Chronic Pain is a Pain in the A$$

Chronic pain.

Do you have it?

Do you know anyone that struggles with it?

If you polled 10 friends about their experiences with chronic pain, over 80% of them will say they have dealt with it at some point in their lives (ACA reference). With those statistics, you could consider it a real epidemic in our country. Whether you have pain, have had pain, or know someone struggling with pain currently, you can bet your bottom that they think this is the way it will be forever. And boy, they could not be more wrong!


What is pain?

Pain is a signal from the area of tissue that has been assaulted, through nerves in the spinal cord, to the brain which are then translated into actions, perceptions, and emotions regarding that stimulus. Complicated? Yep!


We know if we stub our toe, we feel the pain, and we follow by rubbing our foot. However, we are then acutely aware to avoid the object that caused the toe stubbing in order to prevent pain. Secondarily, we associate “toe stubbing” with the pain sensation we felt the first time. So a friend stubs their toe and you immediately empathize by remembering your experience with that pain stimulus.

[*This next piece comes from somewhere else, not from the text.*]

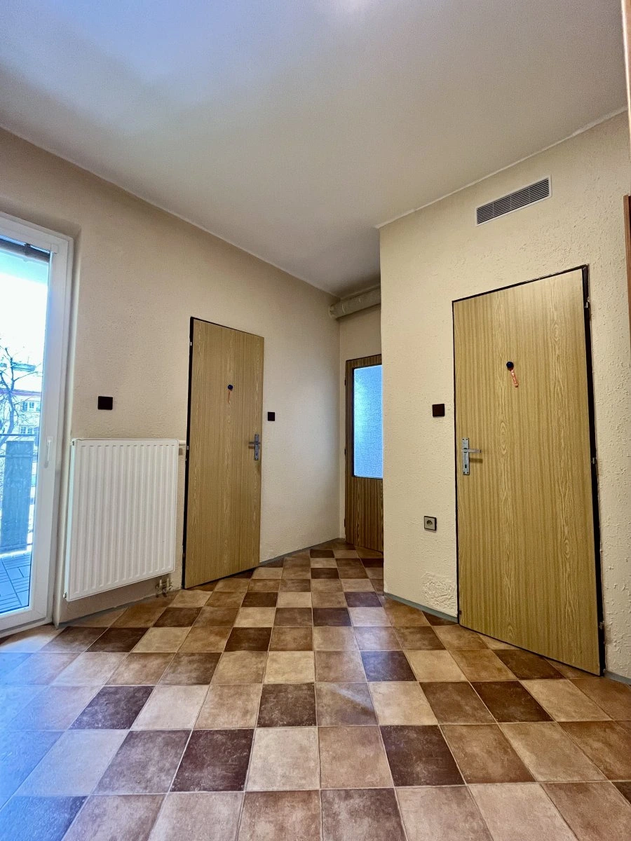 Dispozice bytu nabízí prostornou vstupní chodbu s vestavěnou šatní skříní a vstupy do jednotlivých místností – koupelny, samostatné toalety, kuchyně a na balkon. Z kuchyně se vstupuje do neprůchozího pokoje, který zajišťuje dostatek soukromí.
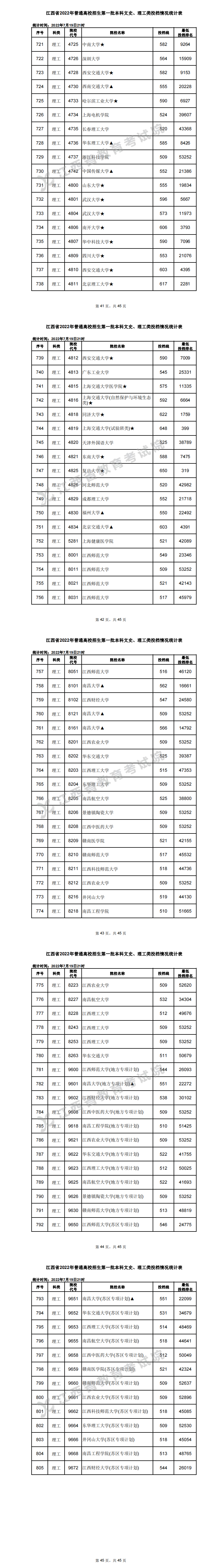 7月20日,江西省教育考试院公布江西省2022年普通高校招生第一批本科文史、理工类投档情况。

We can gather that pain’s purpose is to provide life saving information to the brain to force the body to change its environment whether that be to move positions, to avoid certain foods, to stop performing aggravating activities, etc. It is extremely useful information and should be paid attention to in appropriate situations.


But what about chronic pain?


Here’s where it gets dicey. You see, our perceptions and understanding of pain happen long before our development of language and conscious awareness. Think about an infant. Infants learning to walk may fall down and cry out due to pain, but we are told as parents to cheer them on as to dissociate said stimulus with the pain signal. The ability to perceive pain is hardwired into our brains as a survival mechanism. It is useful, until it becomes overwhelmed with consistent, unmitigated stimulus, in which we term it “chronic pain”.


Chronic pain is defined as consistent pain lasting longer than 3 months. Pain we feel day in and day out, all day, for 3 months, where no changes to the environment relieve us of the stimulation. This sounds awful, but I’m sure you’ll be surprised that a majority of American adults reported chronic pain being ever present in their lives.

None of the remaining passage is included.